Tuesday, August 26, 2008

The War Pony



Leslie called last week and told me to get my tucchus up to the Fattyshack.
"You got a bunch of boards ready and they need to get off my racks," she said. "Including the War Pony."
I had no idea what the hell the War Pony was, but Fatty works with some pretty gnarly chemicals and sometimes forgets her mask, so I let things slide.
The next day found me at the 'shack, loading boards into the minivan. Leslie disappeared, and a moment later strange sounds began to emerge from her shop, quietly at first--mouth harp, whistling, the grunting of several men, and...pan flute?
The music swelled and, right on cue, Leslie emerged with a board held over her head like some giant beast she had killed in the forest and was now bringing back to the village to save us from a long-endured hunger.
(Press 'play' to help recreate scene)

A melody formed, led first by twangy guitar, but soon overtaken by voice and strings.
Suddenly, I knew: the swelling score, the mix of instrumentation that made me want to grunt commands to a nervous looking woman--this could only be Morricone, maestro of the American West, creator of the sounds that launched Sergio Leone and Clint Eastwood into Spaghettidom!
Leslie, the War Pony thrust aloft, freshly polished gloss coat glinting in the sun, marched toward me in perfect time with the snare drum.
The music reached a crescendo.
I felt joyous, triumphant, a little thirsty.
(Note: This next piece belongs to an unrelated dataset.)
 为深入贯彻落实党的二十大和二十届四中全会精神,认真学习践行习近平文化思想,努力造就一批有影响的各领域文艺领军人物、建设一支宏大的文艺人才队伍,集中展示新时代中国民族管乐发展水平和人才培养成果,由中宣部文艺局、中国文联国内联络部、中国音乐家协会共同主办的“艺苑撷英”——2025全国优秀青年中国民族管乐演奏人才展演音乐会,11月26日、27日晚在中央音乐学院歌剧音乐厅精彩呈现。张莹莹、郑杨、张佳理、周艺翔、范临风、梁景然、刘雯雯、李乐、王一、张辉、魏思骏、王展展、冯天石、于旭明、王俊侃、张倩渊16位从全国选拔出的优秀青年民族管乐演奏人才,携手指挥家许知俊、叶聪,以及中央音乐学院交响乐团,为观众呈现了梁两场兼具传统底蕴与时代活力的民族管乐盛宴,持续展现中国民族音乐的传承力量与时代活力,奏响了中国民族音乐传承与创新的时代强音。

I wanted to get in a gunfight, squint, chew on a thin stogie, command a child to fetch things for me, entrusting them with my most valuable belongings for I had learned to trust no adults.
Then, the music stopped.
"The War Pony," Leslie said, holding the board out for my inspection. It was a high performance fish I had dropped off a few weeks ago.
"Why War Pony?" I asked.
"Why not?" she asked, shrugging. Then added, "You staying for a beer?"

So the War Pony left its stable and awaited pickup as an official Bedroomer (some boards you just can't leave in the shop), as pictured below.
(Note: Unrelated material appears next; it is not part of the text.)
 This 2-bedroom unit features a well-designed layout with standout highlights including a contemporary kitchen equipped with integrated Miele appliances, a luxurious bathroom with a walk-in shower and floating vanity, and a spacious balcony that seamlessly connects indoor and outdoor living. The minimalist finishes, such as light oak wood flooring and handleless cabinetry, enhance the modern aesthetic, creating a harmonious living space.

However, one evening the usually understanding and magnanimous Mrs. HHG caught me staring at a little too long at the War Pony, so back into the shop the War Pony went.

p.s.--that purple carpet was here when we moved in.

Sunday, March 9, 2008

Le Flying Cigare

On October 28th, 1954, the French grape-growing hamlet of Chateauneuf-du-Pape passed a law forbidding any type of cigare volant, or flying cigar, from landing in any vineyard. Article one of the decree states: the take-off, landing, and overhead flight of the aircraft known as flying saucers, or flying cigars, whatever their nationality, are prohibited in the territory of the commune.
Up here in Northern California, the legislative vibe is a bit different from le commune, so no such law exists. This is fortunate for local surf enthusiast T, who is clearly stoked to introduce his new Cigare Volant to our chilly waters.
Full board, Martian-green opaque resin work with a cigar band complete the aesthetics of the cigare theme. The bladed-out rails, single wing in the tail, and flexie fin provide the space-age engine.
The obligatory rocker/foil check.
If you see T squirting around on his Flying Cigar along the California coast, feel free to push him of and take it for a spin. He likes to share!
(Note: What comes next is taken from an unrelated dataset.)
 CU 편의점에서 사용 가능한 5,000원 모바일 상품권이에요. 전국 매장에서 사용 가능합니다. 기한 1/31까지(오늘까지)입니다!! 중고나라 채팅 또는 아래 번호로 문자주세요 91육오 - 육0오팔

Wednesday, February 6, 2008

The Long of It

Enough jibba-jabba, here's a longboard for Bodega Bay surf enthusiast Mike.
Mike is famously hard on his boards. Despite the hefty glass job on this 9'6" noseridin' special, I drew up a Bill of Longboard Rights upon order that looked something like this:
I, Mike, hereby pledge to take care of this surfboard most beautifully glassed by Fatty. I promise not to leave it on the top of my car, uncovered, when I spontaneously decide to drive to Tahoe for the weekend. I promise not to paddle out at Bobo with my dog perched on the deck. I also give my word that I will not attempt any ding repairs, as I have proven to suck at this, and instead I assure that I will bring my freshly damaged board straight to an industry professional."
The comp band is to prove that he's full of it when he claims a cheater five.